I'm trying to write a regex that will look for the width and height attributes in a string (which will always be an html iframe) and replace the values that it has.

What I have is a string where ### could be any value, and not necessarily always 3 digits.

string iFrame = <iframe width="###" height="###" src="http://www.youtube.com/embed/xxxxxx" frameborder="0" allowfullscreen></iframe>

I want to end up with set values for the width and height:

<iframe width="315" height="215" src="http://www.youtube.com/embed/xxxxxx" frameborder="0" allowfullscreen></iframe>

I tried this, but am not good with regular expressions:

iFrame = Regex.Replace(iFrame, "width=\".*\"", "width=\"315\"");
iFrame = Regex.Replace(iFrame, "height=\".*\"", "height=\"215\"");

which resulted in:

<iframe width="315" allowfullscreen></iframe>

which is not what I want. Can someone help me?

Ben
  • 1,023
  • 7
  • 18
  • 35

3 Answers3

9

Replace your patterns to this:

"width=\"([0-9]{1,4})\""

and

"height=\"([0-9]{1,4})\""

Basically, you were using . which performs a greedy-capture. Meaning it grabs as many characters as possible. The patterns above look for any number character [0-9] that repeats between 1 and 4 times {1,4}. Which is what you are really looking for.

Shai Cohen
  • 6,074
  • 4
  • 31
  • 54
  • thank you for the response that worked for me! and the explanation. regular expressions are on my list of things to learn... – Ben Nov 16 '11 at 00:26
  • 1
    Glad it helped. Also, do a quick google search for RegEx pattern testers. They are often little programs that allow you to test your regex instantly. Probably the best way to learn. – Shai Cohen Nov 16 '11 at 15:08
3

You are better off using the HTML Agility Pack to parse and query HTML. It handles HTML fragments well.
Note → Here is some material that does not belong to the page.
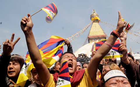 Ранее, после вынужденной встречи с главой администрации Катманду, он обратился с призывом к находящимся в Непале тибетским беженцам не затрагивать чувствительных моментов в отношениях с приютившей их страной. В шествиях под национальным флагом Тибета возле ступы Боднатх участвовали около 300 живущих в изгнании монахов и рядовых тибетцев. Демонстранты скандировали здравицы Далай-ламе и призывы "ООН, проснись" и "Свобода Тибета – это безопасность Непала".

RegEx is not a good solution for parsing HTML, as this SO answer may convince you.

Community
  • 1
  • 1
Oded
  • 489,969
  • 99
  • 883
  • 1,009
  • 1
    Is there any answer other than `RegEx is not a good solution for parsing HTML use HTML Agility Pack`. Even referred library is the same always. I should save this string as a reputation hunter :) – L.B Nov 15 '11 at 22:37
  • @L.B - RegEx is _not_ a good solution for arbitrary HTML. And the library is a very good library, which is why it is referred to so often. Is this a problem? – Oded Nov 15 '11 at 22:39
  • Isn't there any other library, or is it always valid even for a simply parsing. – L.B Nov 15 '11 at 22:41
  • 1
    @L.B - It is good for HTML fragments, badly formed HTML and is fast. If you know the incoming format (and that it will not change or vary much), by all means, use RegEx. – Oded Nov 15 '11 at 22:43
3

I agree that this isn't the best way to work with html. The problem with your example is the . in you regex which is matching all chars and spaces up to the last " in the string. Change it to the code below which only matches non-whitespace characters.

iFrame = Regex.Replace(iFrame, @"width=""[^\s]*""", "width=\"315\"");
iFrame = Regex.Replace(iFrame, @"height=""[^\s]*""", "height=\"215\"");
Richard
  • 86
  • 6